### What is needed
Return the line containing "Photograph at dawn" together with every later line up to the end of the records, exactly and with no pictures; return nothing else.

Data to examine Start Marker

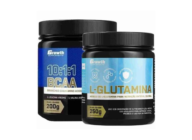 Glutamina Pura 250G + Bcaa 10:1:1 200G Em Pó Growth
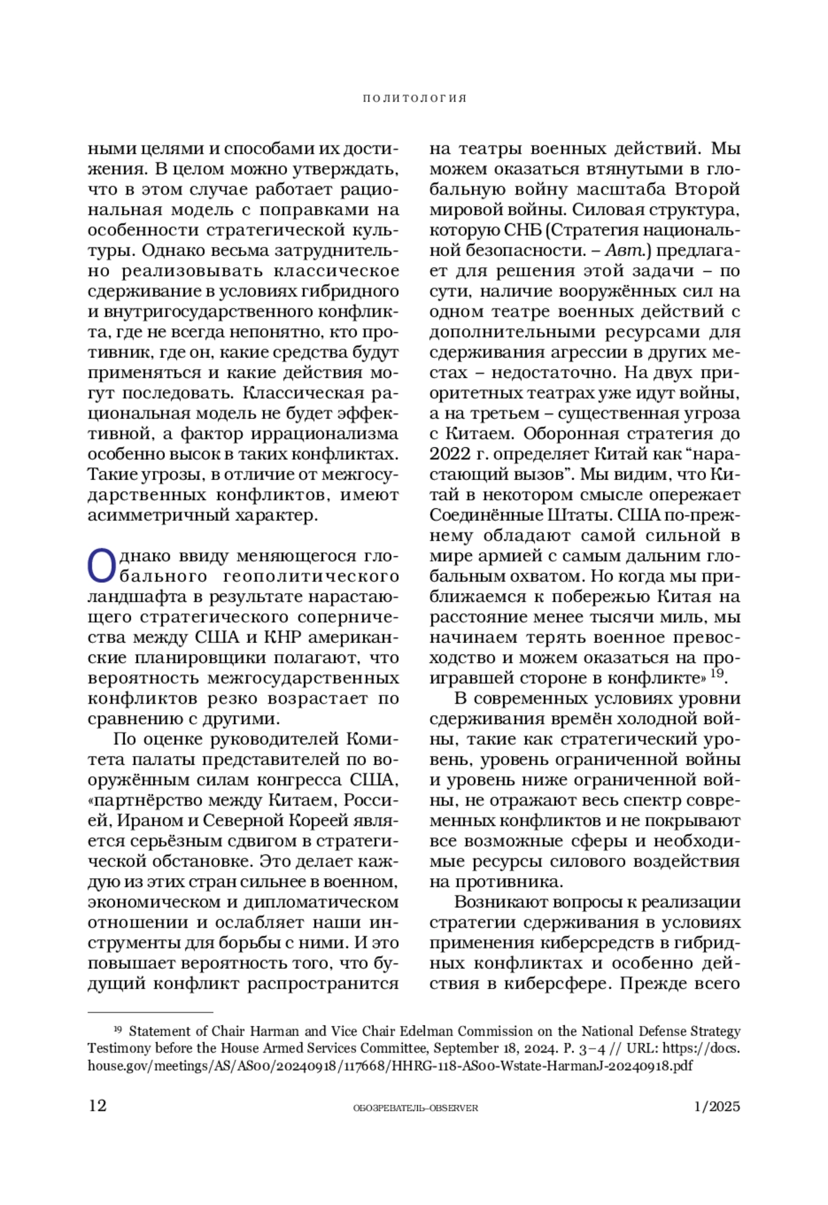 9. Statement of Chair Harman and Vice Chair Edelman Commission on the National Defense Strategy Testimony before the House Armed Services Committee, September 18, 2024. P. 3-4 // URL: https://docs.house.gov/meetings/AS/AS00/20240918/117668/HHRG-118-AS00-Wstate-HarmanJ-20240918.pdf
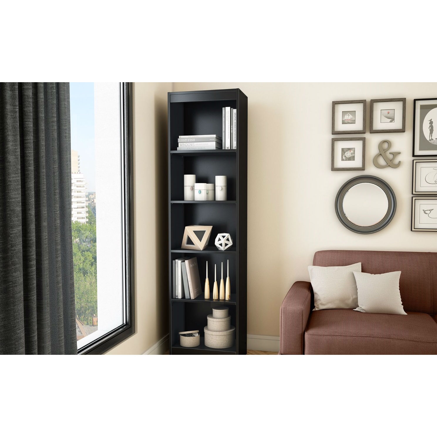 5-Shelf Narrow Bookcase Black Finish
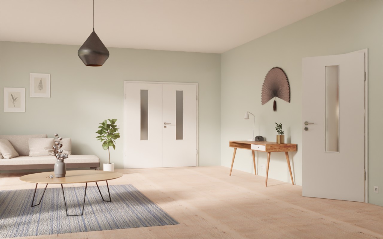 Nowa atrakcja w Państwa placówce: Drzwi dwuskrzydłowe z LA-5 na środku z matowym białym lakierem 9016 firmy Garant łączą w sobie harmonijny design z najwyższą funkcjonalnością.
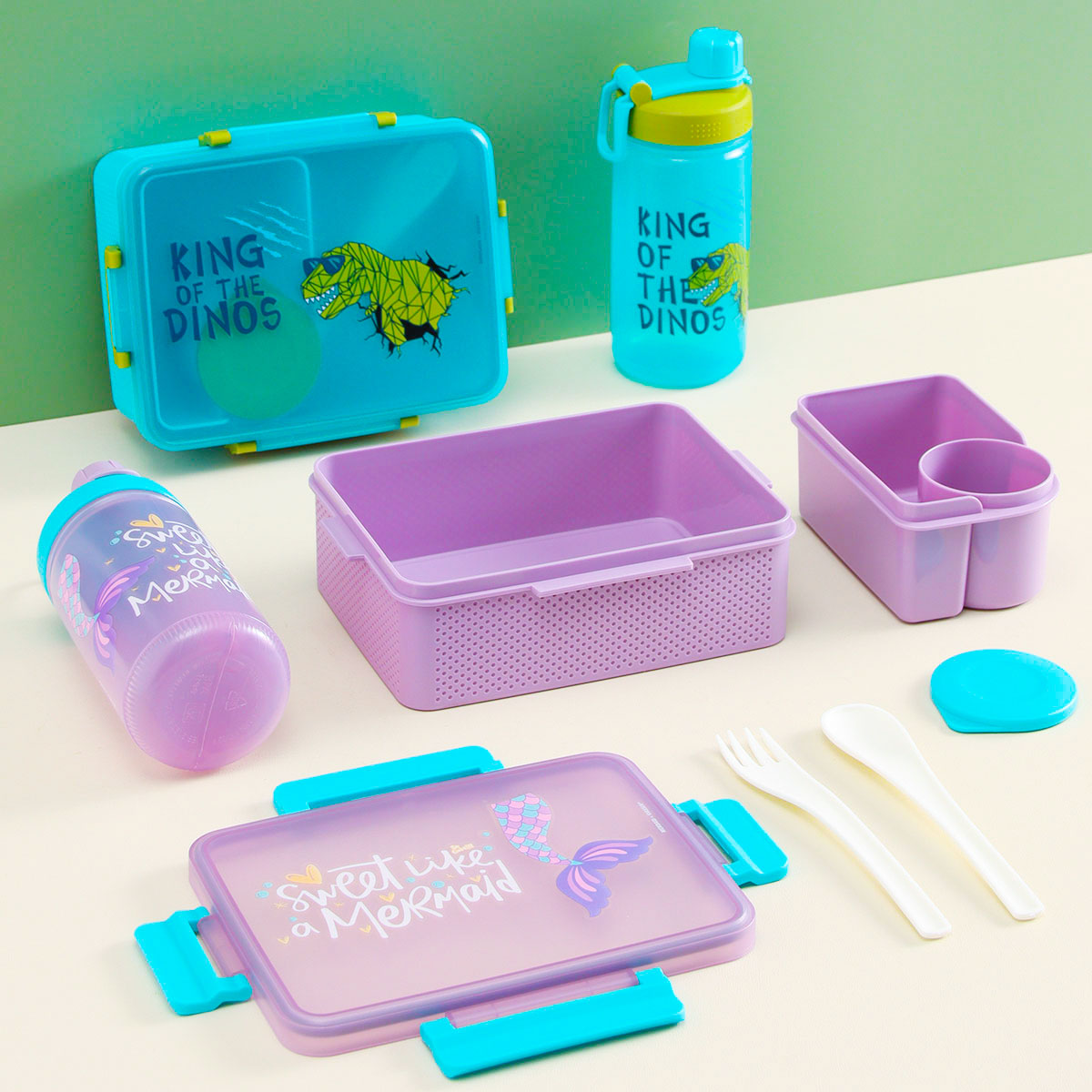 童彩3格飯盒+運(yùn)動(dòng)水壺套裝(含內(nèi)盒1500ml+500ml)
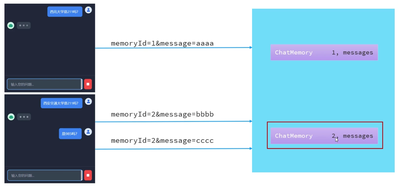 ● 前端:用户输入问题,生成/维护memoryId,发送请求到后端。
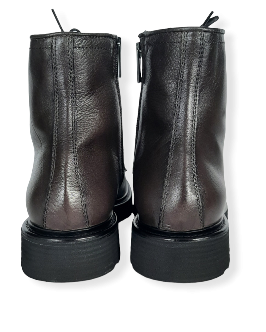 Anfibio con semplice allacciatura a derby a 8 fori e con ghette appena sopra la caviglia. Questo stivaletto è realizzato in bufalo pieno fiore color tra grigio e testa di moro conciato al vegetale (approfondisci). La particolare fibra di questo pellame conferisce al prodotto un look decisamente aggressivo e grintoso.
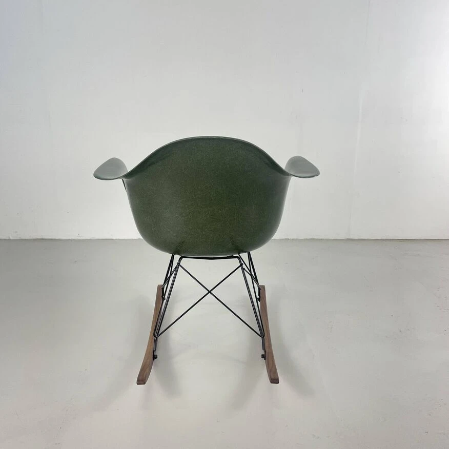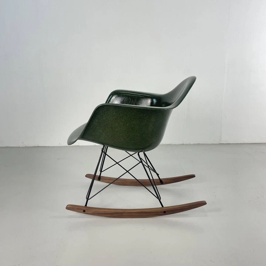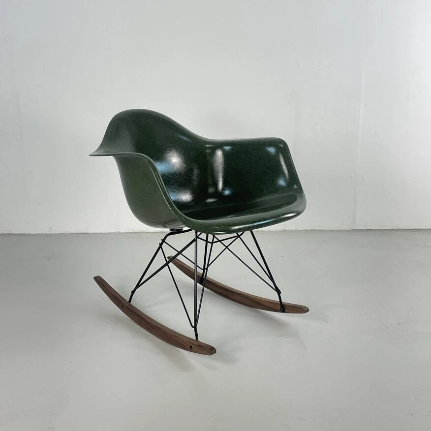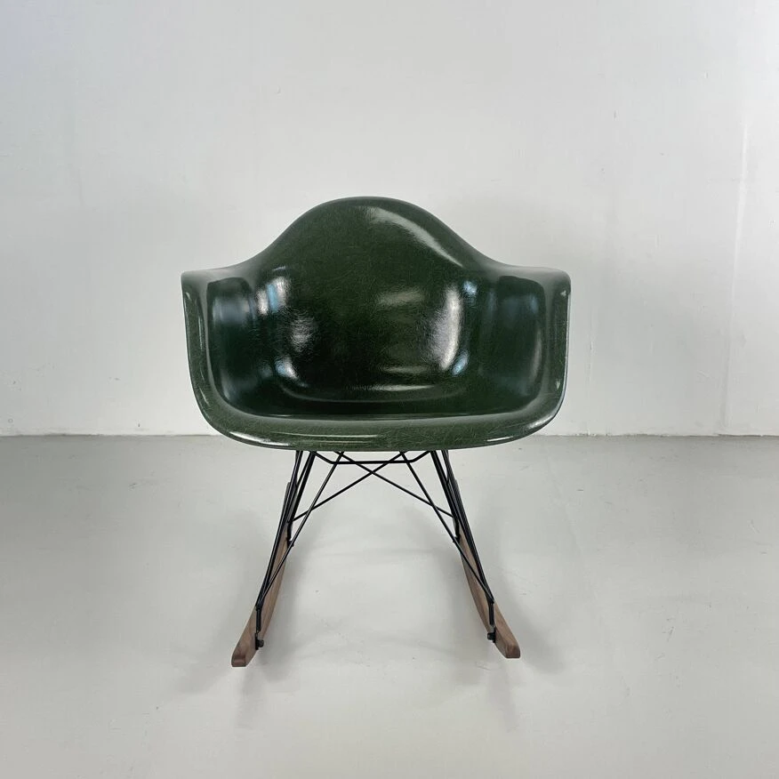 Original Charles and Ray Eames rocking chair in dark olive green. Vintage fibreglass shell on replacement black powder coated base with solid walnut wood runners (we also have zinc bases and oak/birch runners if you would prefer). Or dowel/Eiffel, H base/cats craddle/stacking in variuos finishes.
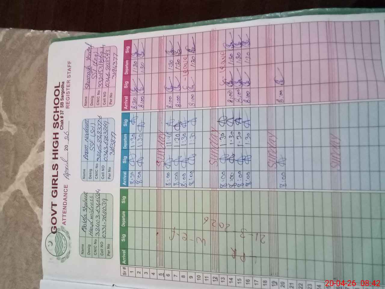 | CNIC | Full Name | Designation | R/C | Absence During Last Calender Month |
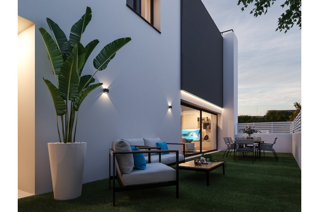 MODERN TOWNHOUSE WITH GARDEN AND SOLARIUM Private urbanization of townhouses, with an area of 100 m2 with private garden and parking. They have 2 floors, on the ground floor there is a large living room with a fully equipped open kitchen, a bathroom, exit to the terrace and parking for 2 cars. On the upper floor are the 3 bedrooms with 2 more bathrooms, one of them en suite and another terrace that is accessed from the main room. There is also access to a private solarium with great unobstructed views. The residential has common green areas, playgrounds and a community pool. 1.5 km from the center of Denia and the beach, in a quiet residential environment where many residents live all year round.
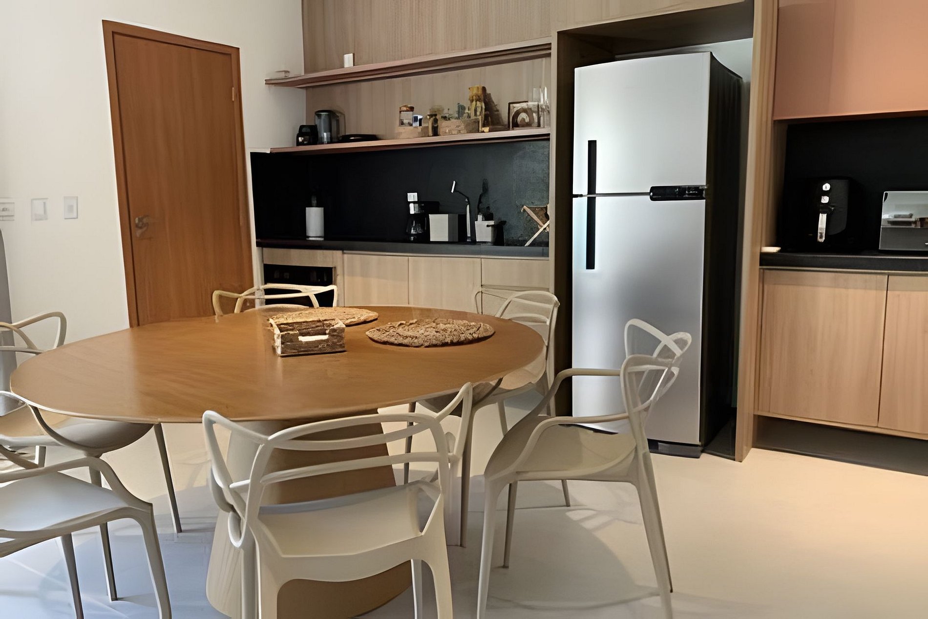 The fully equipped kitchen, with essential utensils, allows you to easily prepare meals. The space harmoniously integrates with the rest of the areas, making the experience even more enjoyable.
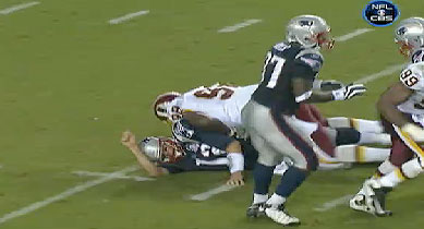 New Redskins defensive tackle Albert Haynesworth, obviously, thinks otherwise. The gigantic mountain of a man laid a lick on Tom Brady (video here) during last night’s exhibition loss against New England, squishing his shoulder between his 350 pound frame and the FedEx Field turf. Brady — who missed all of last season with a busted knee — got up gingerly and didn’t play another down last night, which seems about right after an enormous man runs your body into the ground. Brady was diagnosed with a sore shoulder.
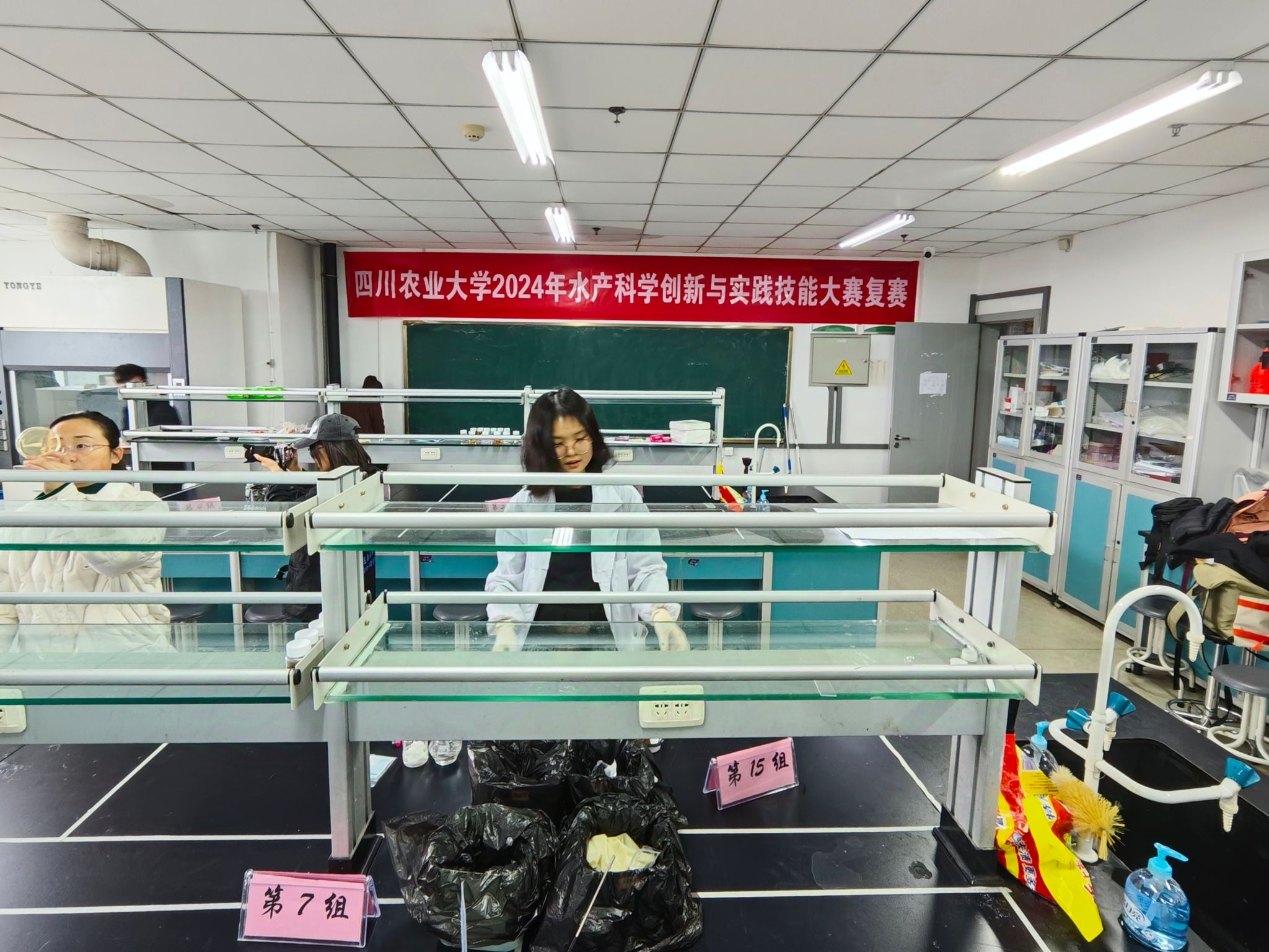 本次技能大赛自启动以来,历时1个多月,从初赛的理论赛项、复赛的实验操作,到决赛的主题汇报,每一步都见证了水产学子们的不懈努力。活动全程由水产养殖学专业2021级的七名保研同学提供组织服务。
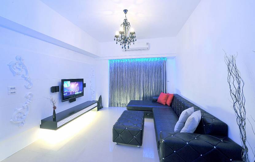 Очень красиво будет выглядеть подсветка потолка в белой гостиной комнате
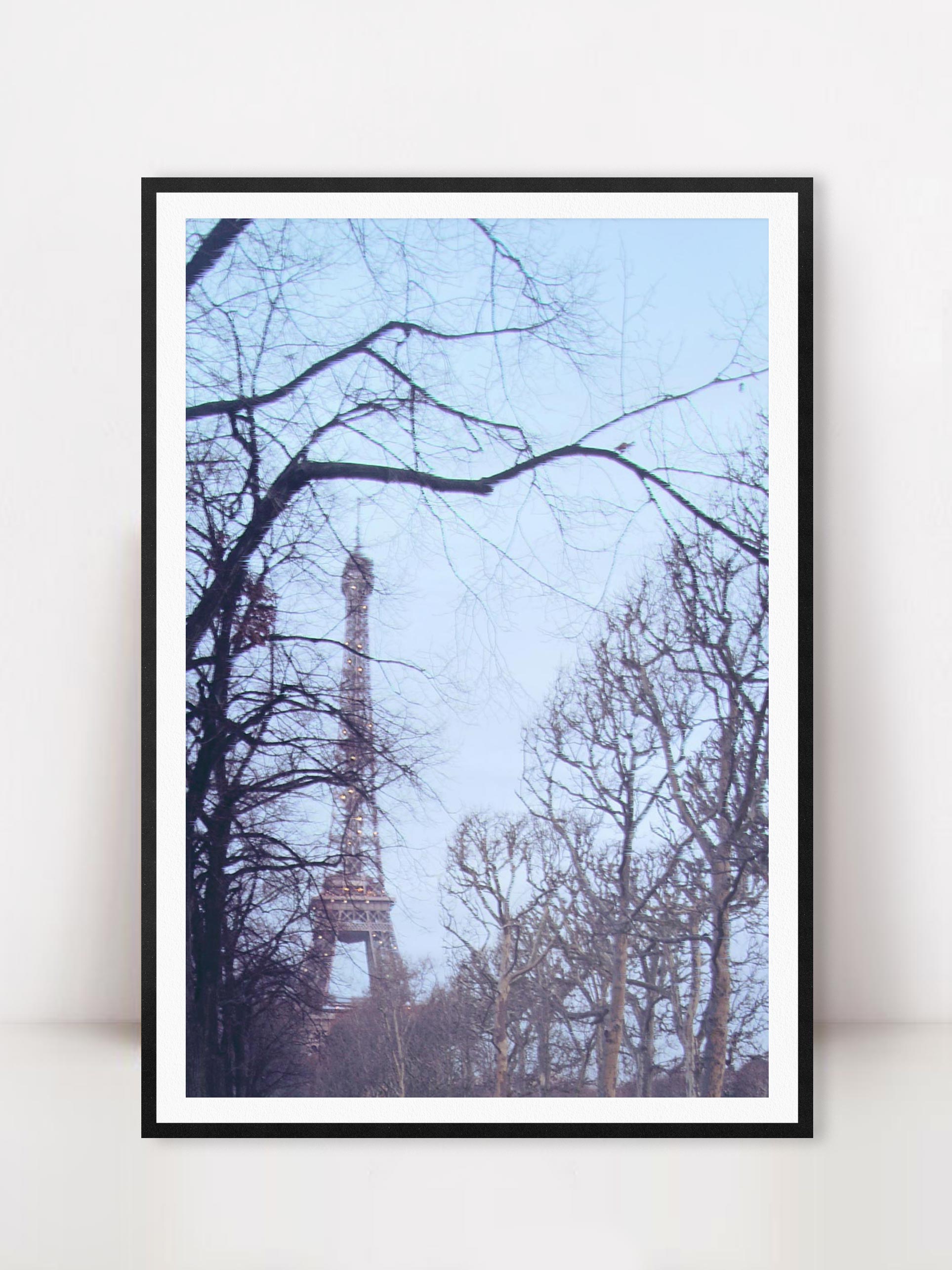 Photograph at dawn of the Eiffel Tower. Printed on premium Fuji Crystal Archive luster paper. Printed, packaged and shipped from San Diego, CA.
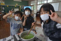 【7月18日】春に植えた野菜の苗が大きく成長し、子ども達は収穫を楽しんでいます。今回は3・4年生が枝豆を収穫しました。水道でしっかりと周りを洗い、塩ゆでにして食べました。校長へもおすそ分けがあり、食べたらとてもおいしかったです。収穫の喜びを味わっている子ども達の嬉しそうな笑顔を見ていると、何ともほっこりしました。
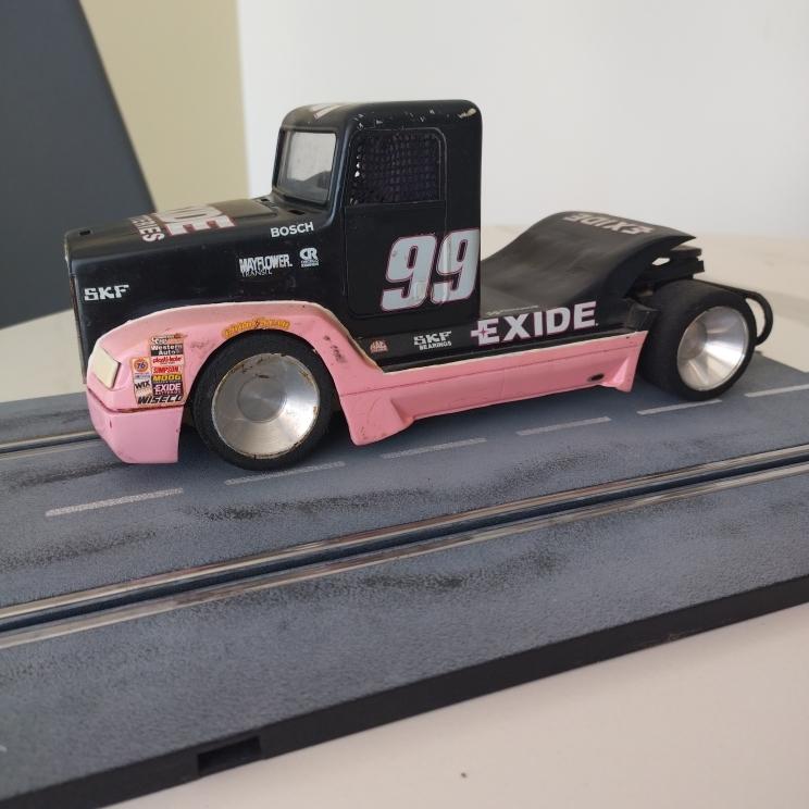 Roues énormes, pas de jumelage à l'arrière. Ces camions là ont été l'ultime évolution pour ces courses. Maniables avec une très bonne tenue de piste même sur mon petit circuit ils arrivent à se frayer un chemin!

Data to examine End Marker

### Task solution
 Photograph at dawn of the Eiffel Tower. Printed on premium Fuji Crystal Archive luster paper. Printed, packaged and shipped from San Diego, CA.
 【7月18日】春に植えた野菜の苗が大きく成長し、子ども達は収穫を楽しんでいます。今回は3・4年生が枝豆を収穫しました。水道でしっかりと周りを洗い、塩ゆでにして食べました。校長へもおすそ分けがあり、食べたらとてもおいしかったです。収穫の喜びを味わっている子ども達の嬉しそうな笑顔を見ていると、何ともほっこりしました。
 Roues énormes, pas de jumelage à l'arrière. Ces camions là ont été l'ultime évolution pour ces courses. Maniables avec une très bonne tenue de piste même sur mon petit circuit ils arrivent à se frayer un chemin!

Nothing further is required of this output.